Eventually, he finds his way back to the main road and sees that it's 120 kilometers to the next town. He pulls over to the side and gets out his map, trying to figure out where he is. Seeing a car coming, he gets out and tries to flag down a ride, only for the driver to honk his horn at him. He dodges out of the way as the car flies on by and then, channeling Rutger from the previous day, screams in desperation, "What the fuck's wrong with you, you pricks?! Stop, you fucking bastards!"
As he watches the car drive on, he tries to calm himself, then turns and sees a big eighteen-wheeler coming down the road. He waves his arms, yelling for the driver to stop, and the truck does come to a halt not too far from where he's standing. But his elation turns to terror when the truck revs its engine and he realizes Mick is the one behind the wheel. He turns and runs back to his jeep, climbing back inside and fumbling to start it up, while Mick heads right for him. He turns it over and gets back
on the road just in time, with Mick chasing after him and honking the horn just to taunt him. Even though his gas is running low, Paul floors it, while Mick catches up to him and bumps him from behind, knocking him forward. Paul swerves back and forth across the road but Mick does the same, then pops the gear, pulls up alongside Paul, and slams into his side, remarking, "Whoops," then chuckling. Paul accelerates up to 120, while Mick turns on the radio and The Lion Sleeps Tonight
starts playing. As the chase continues, with Mick honking the horn, a nearby herd of kangaroos hears the commotion and they start crossing the road right in the midst of the chase. Paul swerves, trying to miss them, when one of them slams against his windshield, is flung at Mick's, hits it, gets pulled along the side, and is squished beneath the truck's tires. More kangaroos get ground into bloody pulp by the truck, as the chase continues on up a steep rise.
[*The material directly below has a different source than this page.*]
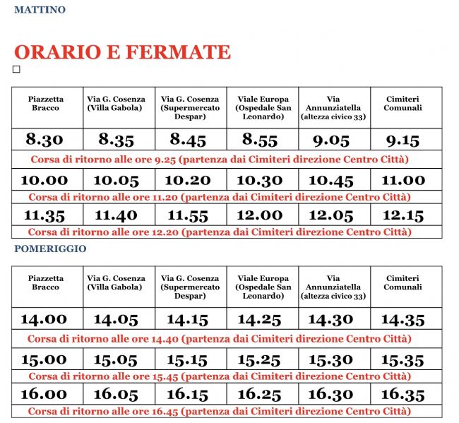 Sono inoltre state previste navette gratuite che da vari punti della città conducono ai cimiteri comunali. Gli orari sono ed i punti di partenza sono indicati nell’immagine in alto.

By this point, Paul's engine is on the verge of overheating and his tank is almost totally empty.
Mick takes the opportunity to get up alongside him and push him into the guardrail on the right side of the road. The side of Paul's jeep scrapes loudly against the metal, and once they get past the section of railing, a piece of his right bumper is torn off. Paul then manages to get on ahead of Mick, as the big truck is unable to keep pace with him up the steep rise, and laughs triumphantly at having apparently outran him. But then, his left, rear tire blows out and he whizzes back and forth, swinging around at the very top of the rise and

slamming into another bit of railing. Fortunately, he doesn't go through it. But his relief is short-lived, as Mick comes up over the rise and heads right for him. With the railing blocking his door and the jeep totally spent, Paul is unable to escape, as Mick drives at him and nudges him over the edge of the drop. Paul puts on his seat-belt right before his jeep is sent tumbling down, crashing to the bottom of a small valley and, like the cop car at the beginning, manages to land right-side up after knocking into a fallen tree. (Yes, a valid question during this chase is why didn't Paul just go off-road again, but I found the whole thing so thrilling that I didn't even think about it.)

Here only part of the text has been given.